Mises Wire

Wright Was Right about the Federal Reserve

GAO DC Headquarters

The announcement that the FOMC decided to maintain the Fed Funds rate unchanged yesterday elicited a collective yawn from the media and markets as this was long a foregone conclusion among Fed watchers. What did raise some eyebrows was the so-called “dot plot,” a chart that is released along with the monetary policy announcement.  The chart displays the (anonymous) forecasts of the individual FOMC members about where the Fed should have its Fed Funds rate at the end of periods from one to three years out as well as in the longer run.  The latest dot plot showed that one member (widely speculated to be extreme inflation dove Minneapolis Federal Reserve Bank President Narayana Kocherlakota)  projected a negative policy rate for September 2016.   But what was even more momentous was the post-announcement press conference, where Janet Yellen did not rule out the possibility that the Fed would never end its zero interest rate policy.  She also said that the Fed is “way below” its inflation target and may overshoot the target even if the unemployment rate is pushed below its target rate.    So as global asset price inflation enters what Brendan Brown calls its “dangerous late phase,” the bubble-blind Fed Chair proposes  permanent inflation at fluctuating and unknown rates to be determined by the discretion of the FOMC.  Yellin’s position exemplifies the mindset of the arrogant and entrenched bureaucratic elite that has come to dominate monetary policy all over the globe.   

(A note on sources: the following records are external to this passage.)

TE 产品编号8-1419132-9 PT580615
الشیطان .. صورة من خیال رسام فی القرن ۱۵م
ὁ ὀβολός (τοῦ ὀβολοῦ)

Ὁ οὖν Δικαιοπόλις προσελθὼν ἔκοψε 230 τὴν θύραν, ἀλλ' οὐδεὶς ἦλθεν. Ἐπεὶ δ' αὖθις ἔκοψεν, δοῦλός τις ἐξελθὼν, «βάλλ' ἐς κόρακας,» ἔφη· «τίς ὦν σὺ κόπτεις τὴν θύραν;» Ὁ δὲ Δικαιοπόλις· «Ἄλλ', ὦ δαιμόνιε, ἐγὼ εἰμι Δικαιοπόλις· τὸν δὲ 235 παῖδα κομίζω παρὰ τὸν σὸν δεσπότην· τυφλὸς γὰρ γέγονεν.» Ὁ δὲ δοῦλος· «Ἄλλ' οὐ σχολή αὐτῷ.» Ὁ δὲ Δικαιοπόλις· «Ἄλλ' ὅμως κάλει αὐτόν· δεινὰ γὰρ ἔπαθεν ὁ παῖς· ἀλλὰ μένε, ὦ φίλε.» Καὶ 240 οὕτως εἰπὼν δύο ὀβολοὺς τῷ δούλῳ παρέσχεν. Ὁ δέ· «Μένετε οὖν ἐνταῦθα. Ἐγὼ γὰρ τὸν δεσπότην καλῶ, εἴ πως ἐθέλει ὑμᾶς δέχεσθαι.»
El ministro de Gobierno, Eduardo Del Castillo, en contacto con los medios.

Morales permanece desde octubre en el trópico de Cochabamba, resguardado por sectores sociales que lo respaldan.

Yellin’s egregious performance at the press conference should serve as a wake-up to the proponents of sound and sane money that the time is well past when the Fed should have had its independence severely restricted or abolished.  The Fed is on the verge of plunging the global economy into an abyss that it may never emerge from. The time to  slay the beast is now and there is a weapon ready at hand. I am referring to Bill H.R. 11 that Rep. Wright Patman (D Texas) introduced when the 89th Congress convened in 1965, but which, unfortunately, never passed.  Its most important provisions included:

The seven member Board of Governors and twelve member Federal Open Market Committee would be abolished and replaced by a Federal Reserve Board of five members who would be appointed by the President to five-year terms.  The President would specify which of the five members would serve as chair.  

There would be an annual audit of the Federal Reserve Board and the Federal Reserve Banks and their branches by the General Accounting Office (GAO), the investigative arm of Congress.  

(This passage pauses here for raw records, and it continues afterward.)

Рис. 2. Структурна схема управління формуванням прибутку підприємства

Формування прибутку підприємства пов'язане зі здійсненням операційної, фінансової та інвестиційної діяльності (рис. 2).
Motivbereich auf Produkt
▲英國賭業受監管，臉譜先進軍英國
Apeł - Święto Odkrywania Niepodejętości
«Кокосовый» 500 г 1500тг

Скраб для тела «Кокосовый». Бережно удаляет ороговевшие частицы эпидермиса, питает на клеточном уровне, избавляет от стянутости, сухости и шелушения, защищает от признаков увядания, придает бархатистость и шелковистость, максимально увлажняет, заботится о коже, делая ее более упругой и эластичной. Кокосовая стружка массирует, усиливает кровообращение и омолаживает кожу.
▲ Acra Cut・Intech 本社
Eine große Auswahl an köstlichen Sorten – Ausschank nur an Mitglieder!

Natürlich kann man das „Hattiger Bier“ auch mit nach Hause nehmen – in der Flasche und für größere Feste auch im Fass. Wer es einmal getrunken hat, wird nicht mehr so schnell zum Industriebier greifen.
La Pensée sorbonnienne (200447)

The fiction of the Federal Reserve as a decentralized, quasi-private entity would be ended.  Federal Reserve “stock” that is “owned” by the member banks would be retired. 

The Federal Reserve Banks would pay into the Treasury all the interest received from their holdings of U.S. securities.  Congress would authorize appropriations to meet the expenses of the Federal Reserve Banks and the Board of Governors.  

An earlier version of the bill was much more radical, setting regular members’ terms at four years, installing the Secretary of the Treasury as a permanent member of the Board, and permitting the President to remove any appointed Board member.  Economists who testified in favor of this earlier version of the bill included eminent monetary theorists such as Alan Meltzer, Harry Johnson, Karl Brunner, and Milton Friedman.  In his testimony Johnson said:

a completely independent Federal Reserve System constituted a fourth branch of Government.  He said that the System should be under control of the Executive and Legislative Branches as are other economic policies.

Friedman testified:

 the Fed should be subject to the direct political control of the Administration.  He said the existing arrangement diffuses monetary authority in Government and ‘is likely to do more harm than good—as in the past.’  Friedman argued that a ‘truly independent monetary authority is most unlikely to achieve’ monetary stability.  ’Experience shows,’ he said, that independent monetary authorities produce monetary instability.  ’In addition, it is most undesirable politically to give so much power to individuals not subject to close control by the electorate,’ Friedman said.

Subjecting the Fed to regular and rigorous scrutiny by the GAO and making its funding depend, like other bureaus and departments of government,  on regular budgetary appropriations would effectively strip the unelected and unaccountable bureaucrats of the Fed of their “independence” from democratic controls.  The electorate would then be able to hold their elected representatives in the legislative and executive branches directly responsible for monetary policy.  This step, of course, is only the beginning and not the end of the movement back to sound money, which entails a complete separation of government and money.